Recorded information >>

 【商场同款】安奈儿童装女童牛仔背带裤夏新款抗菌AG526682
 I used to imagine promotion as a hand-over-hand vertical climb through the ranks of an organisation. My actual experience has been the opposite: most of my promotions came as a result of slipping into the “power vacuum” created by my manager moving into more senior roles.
==
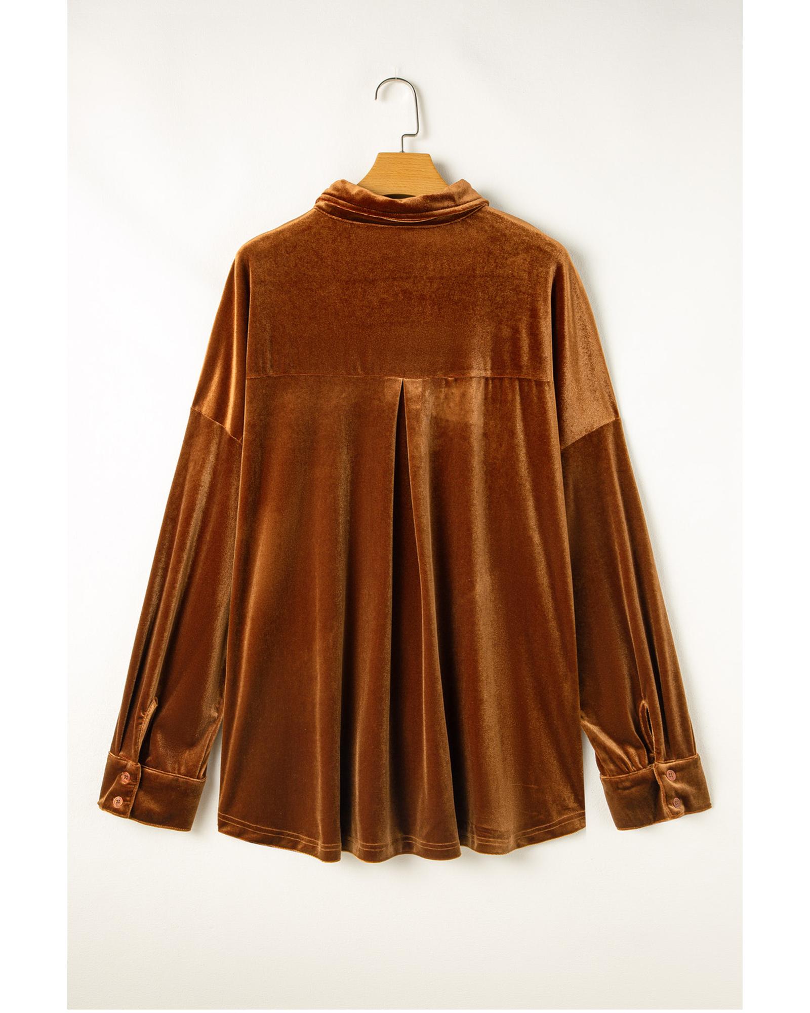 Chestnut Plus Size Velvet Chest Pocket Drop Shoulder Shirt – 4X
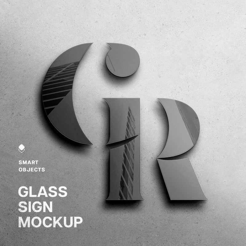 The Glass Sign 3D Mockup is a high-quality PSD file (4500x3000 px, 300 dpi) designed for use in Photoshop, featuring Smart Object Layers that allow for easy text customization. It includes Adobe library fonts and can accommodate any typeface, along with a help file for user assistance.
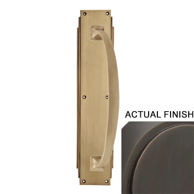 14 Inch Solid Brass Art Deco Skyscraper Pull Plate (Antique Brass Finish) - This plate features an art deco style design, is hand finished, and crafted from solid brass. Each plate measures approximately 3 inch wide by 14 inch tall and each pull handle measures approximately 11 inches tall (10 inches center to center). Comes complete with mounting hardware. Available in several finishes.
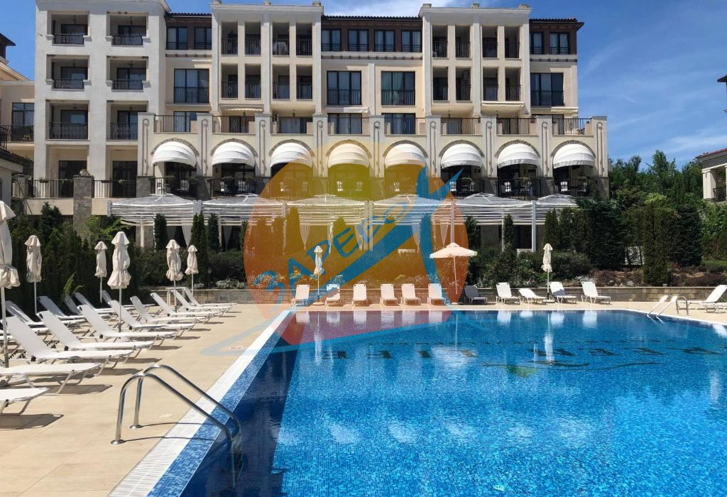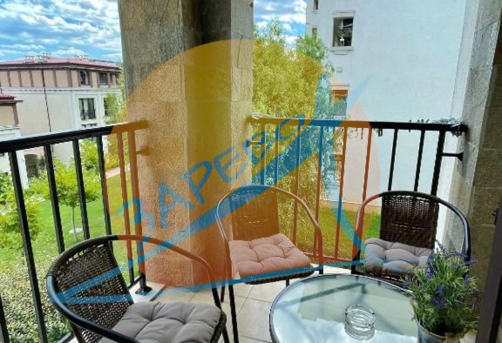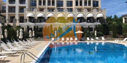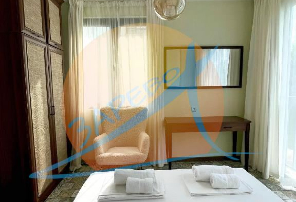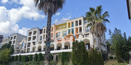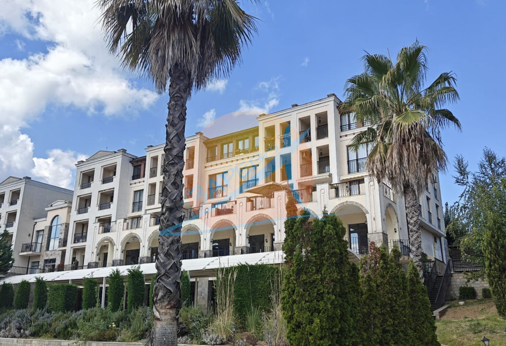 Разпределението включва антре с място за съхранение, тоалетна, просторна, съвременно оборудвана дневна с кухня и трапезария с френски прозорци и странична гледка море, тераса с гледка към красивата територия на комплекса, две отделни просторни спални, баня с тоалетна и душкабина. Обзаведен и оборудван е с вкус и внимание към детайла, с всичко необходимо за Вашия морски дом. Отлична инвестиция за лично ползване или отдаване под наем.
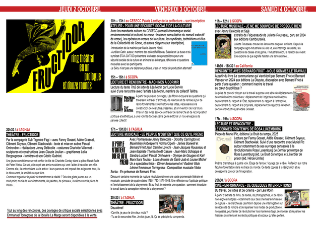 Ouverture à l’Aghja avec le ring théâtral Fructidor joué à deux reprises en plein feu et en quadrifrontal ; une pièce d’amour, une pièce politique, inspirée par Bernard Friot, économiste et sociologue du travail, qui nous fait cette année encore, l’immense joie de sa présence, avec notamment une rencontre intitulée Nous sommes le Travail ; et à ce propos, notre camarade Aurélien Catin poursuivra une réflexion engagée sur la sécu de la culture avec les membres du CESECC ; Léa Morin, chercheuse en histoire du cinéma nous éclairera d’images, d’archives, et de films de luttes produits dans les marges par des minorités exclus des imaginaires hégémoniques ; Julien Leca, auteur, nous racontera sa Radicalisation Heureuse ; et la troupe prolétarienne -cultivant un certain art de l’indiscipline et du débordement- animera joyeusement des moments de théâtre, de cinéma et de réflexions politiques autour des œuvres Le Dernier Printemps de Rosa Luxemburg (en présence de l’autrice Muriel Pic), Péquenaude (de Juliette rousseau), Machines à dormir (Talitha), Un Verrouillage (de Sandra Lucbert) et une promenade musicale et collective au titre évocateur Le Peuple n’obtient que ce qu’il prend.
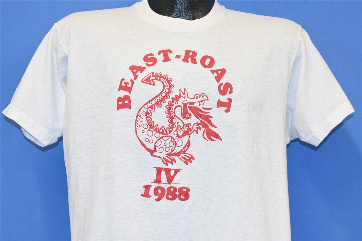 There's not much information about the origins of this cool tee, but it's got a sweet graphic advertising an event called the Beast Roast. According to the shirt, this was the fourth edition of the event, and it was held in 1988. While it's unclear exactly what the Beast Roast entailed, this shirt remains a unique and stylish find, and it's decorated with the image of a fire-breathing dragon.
---
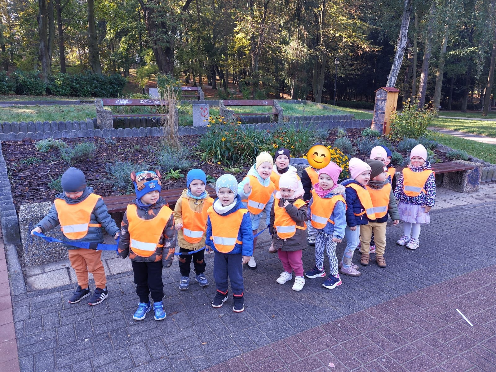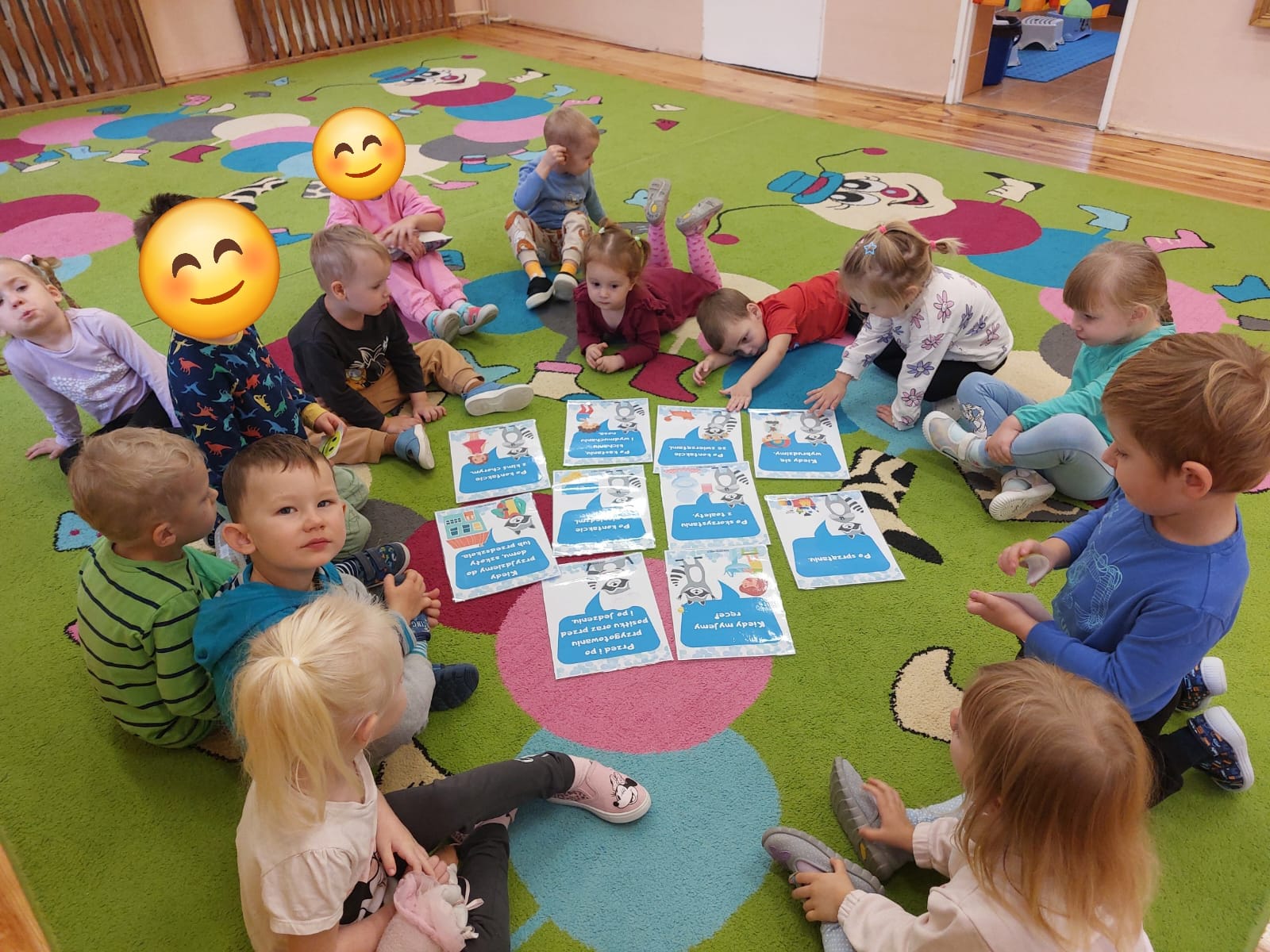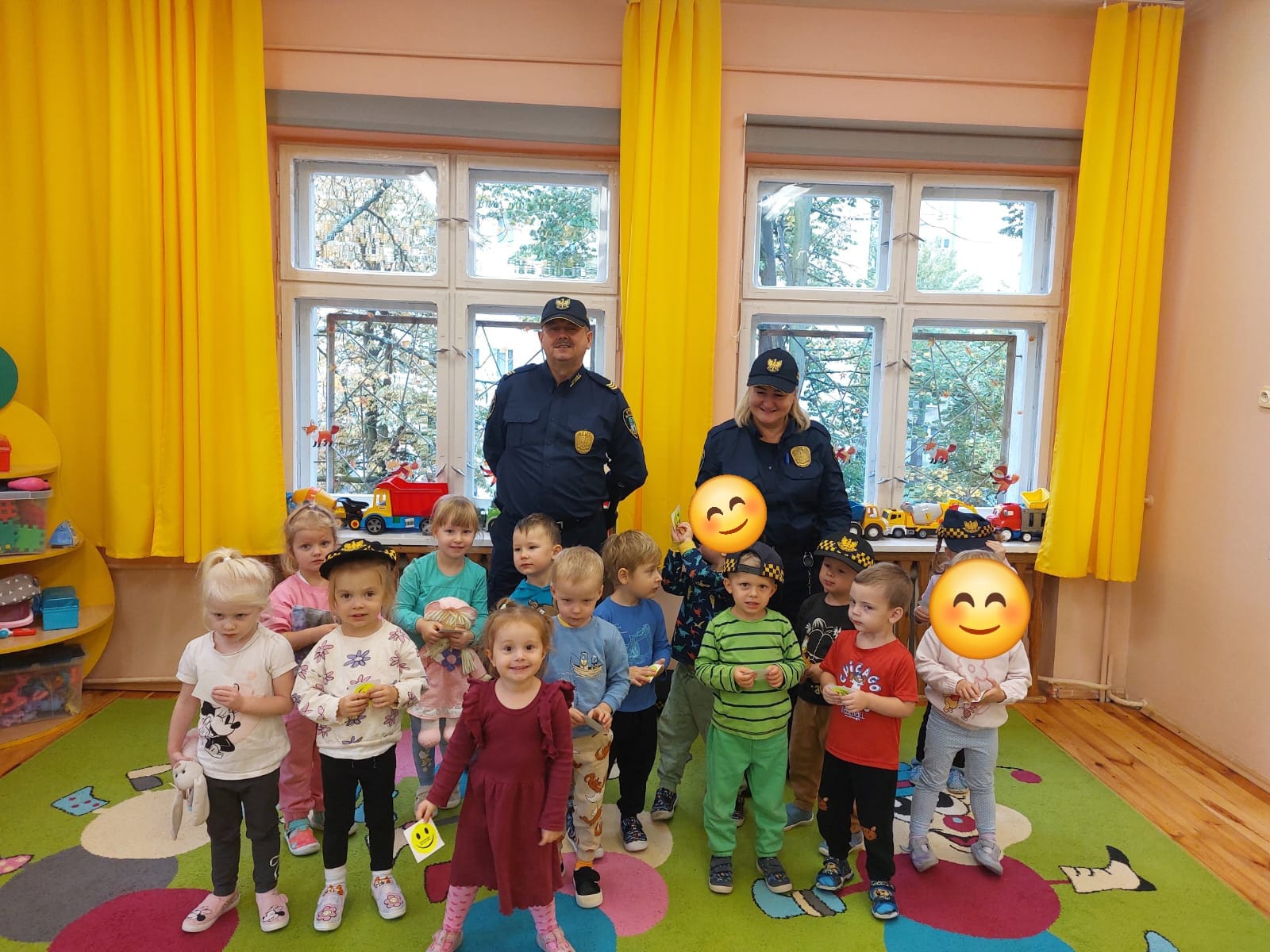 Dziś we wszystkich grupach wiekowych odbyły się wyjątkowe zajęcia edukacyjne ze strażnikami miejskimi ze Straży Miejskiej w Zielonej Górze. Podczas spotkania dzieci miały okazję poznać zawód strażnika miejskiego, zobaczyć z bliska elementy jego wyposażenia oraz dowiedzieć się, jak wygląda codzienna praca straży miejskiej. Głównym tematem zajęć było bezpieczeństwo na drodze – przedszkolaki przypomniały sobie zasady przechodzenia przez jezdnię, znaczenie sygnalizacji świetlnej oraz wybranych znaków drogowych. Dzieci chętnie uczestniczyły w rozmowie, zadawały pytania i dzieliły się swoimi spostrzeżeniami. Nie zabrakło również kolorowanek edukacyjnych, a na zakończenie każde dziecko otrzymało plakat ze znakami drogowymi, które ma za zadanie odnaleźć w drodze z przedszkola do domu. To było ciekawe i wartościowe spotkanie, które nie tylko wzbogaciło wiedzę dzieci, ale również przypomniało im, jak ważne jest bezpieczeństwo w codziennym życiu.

Your objective >>
Skipping every picture, transcribe exactly the lines above from the one containing "Ouverture à l’Aghja" through the one containing "There's not much", both included.

Answer to the problem >>
 Ouverture à l’Aghja avec le ring théâtral Fructidor joué à deux reprises en plein feu et en quadrifrontal ; une pièce d’amour, une pièce politique, inspirée par Bernard Friot, économiste et sociologue du travail, qui nous fait cette année encore, l’immense joie de sa présence, avec notamment une rencontre intitulée Nous sommes le Travail ; et à ce propos, notre camarade Aurélien Catin poursuivra une réflexion engagée sur la sécu de la culture avec les membres du CESECC ; Léa Morin, chercheuse en histoire du cinéma nous éclairera d’images, d’archives, et de films de luttes produits dans les marges par des minorités exclus des imaginaires hégémoniques ; Julien Leca, auteur, nous racontera sa Radicalisation Heureuse ; et la troupe prolétarienne -cultivant un certain art de l’indiscipline et du débordement- animera joyeusement des moments de théâtre, de cinéma et de réflexions politiques autour des œuvres Le Dernier Printemps de Rosa Luxemburg (en présence de l’autrice Muriel Pic), Péquenaude (de Juliette rousseau), Machines à dormir (Talitha), Un Verrouillage (de Sandra Lucbert) et une promenade musicale et collective au titre évocateur Le Peuple n’obtient que ce qu’il prend.
 There's not much information about the origins of this cool tee, but it's got a sweet graphic advertising an event called the Beast Roast. According to the shirt, this was the fourth edition of the event, and it was held in 1988. While it's unclear exactly what the Beast Roast entailed, this shirt remains a unique and stylish find, and it's decorated with the image of a fire-breathing dragon.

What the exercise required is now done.